Sólo
en las altas horas de la noche pueden mis dedos relajarse sobre un pedazo de
papel. Responden a un cosquilleo que los guía en las direcciones más olvidadas,
en búsqueda de una libertad que hace tanto no buscaban.
Uno
no sabe bien por donde comenzar cuando los viejos hábitos piden volver, casi que
espera que sea como andar en bicicleta. En la actualidad me doy cuenta de
que es mucho más complejo de lo que recordaba. Casi que escribo dando rienda
suelta a mi cabeza, sin filtros, sólo por el pacer de apretar botones, y cada
uno que baja deja escapar el encierro, la ansiedad y los años perdidos. Quizás
si sea como andar en bicicleta o quizás puro instinto.

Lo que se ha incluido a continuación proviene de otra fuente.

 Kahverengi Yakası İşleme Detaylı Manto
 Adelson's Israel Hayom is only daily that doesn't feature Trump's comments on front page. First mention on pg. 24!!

Volver a mi terapia, mi forma de meditar. Es el mismo sentimiento que cuando uno atisba su casa a lo lejos después de un viaje largo. Es cómodo, pero la buena comodidad, la que no daña, la que cura. Y recomenzar este proceso inevitablemente genera miles y miles de preguntas que aún no tienen ni pies ni cabeza, mucho menos respuestas.

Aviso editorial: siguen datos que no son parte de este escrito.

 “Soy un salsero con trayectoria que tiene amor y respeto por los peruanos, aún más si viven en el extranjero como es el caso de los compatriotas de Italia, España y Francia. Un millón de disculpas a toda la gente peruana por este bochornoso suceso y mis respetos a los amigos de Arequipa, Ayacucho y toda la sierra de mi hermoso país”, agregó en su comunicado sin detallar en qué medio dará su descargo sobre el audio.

¡Qué libertad se siente!, es la melancolía transformada en un deseo cumplido. Cómo estar melancólico en un recuerdo y poder revivirlo en carne propia.

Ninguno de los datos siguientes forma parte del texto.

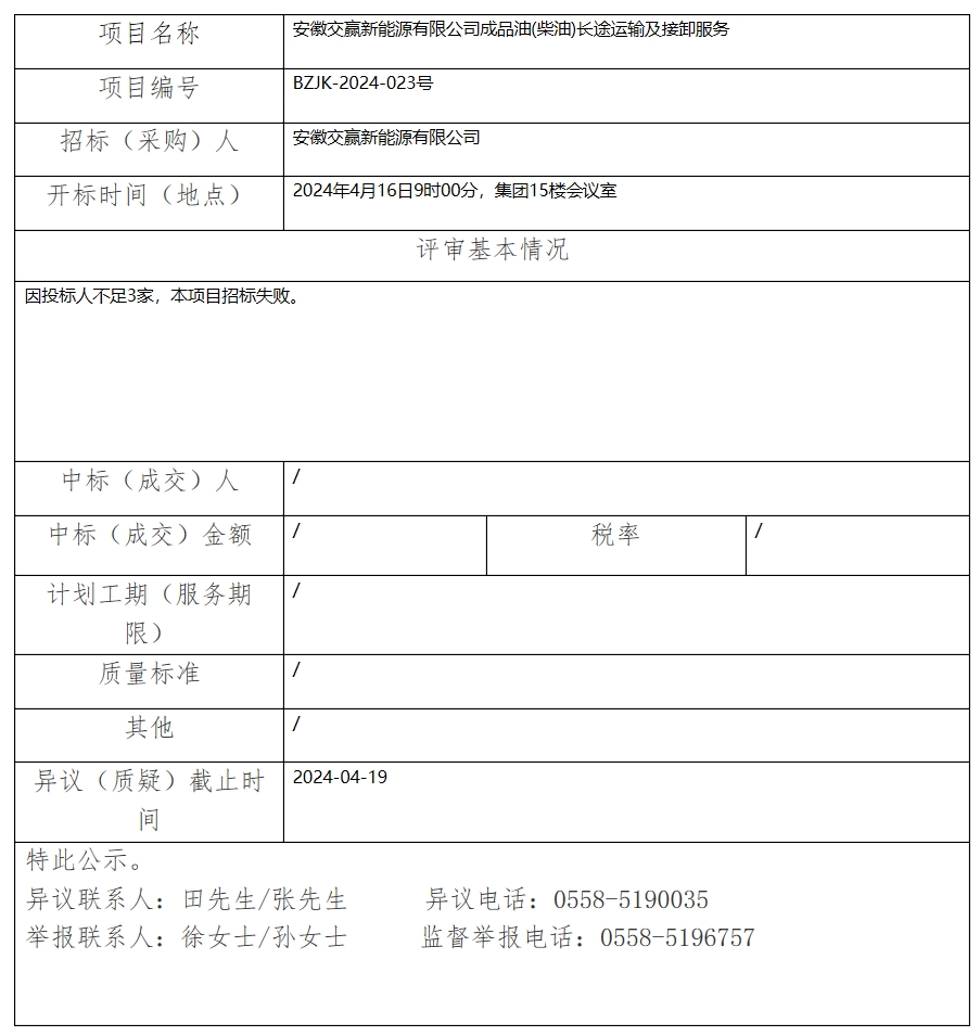 安徽交贏新能源有限公司成品油(柴油)長途運(yùn)輸及接卸服務(wù)中標(biāo)(成交)結(jié)果公示

Y uno no puede evitar preguntarse que fueron todos esos años en que la libertad encerrada era puro miedo, por qué por tanto tiempo no existía algo tan decisivo: la voluntad.
Y
una vez hecho el paso, una vez encontrada esa voluntad, sólo me queda el anhelo
de que no es por única vez, de que no es sólo un episodio aislado o una noche
inspirada*, sino el comienzo. La parte dos.
Meses
de terapia me suplican que me corrija, que no era falta de la intención, era la
ausencia del deseo. Es la ausencia del deseo y era la
ausencia de una intención que lo busque. Pero hoy doblo las puntas de los dedos
de los pies en el borde de la pileta, flexiono las rodillas, subo mis manos por
encima de mi cabeza, palma con dorso. Uno de estos días salto.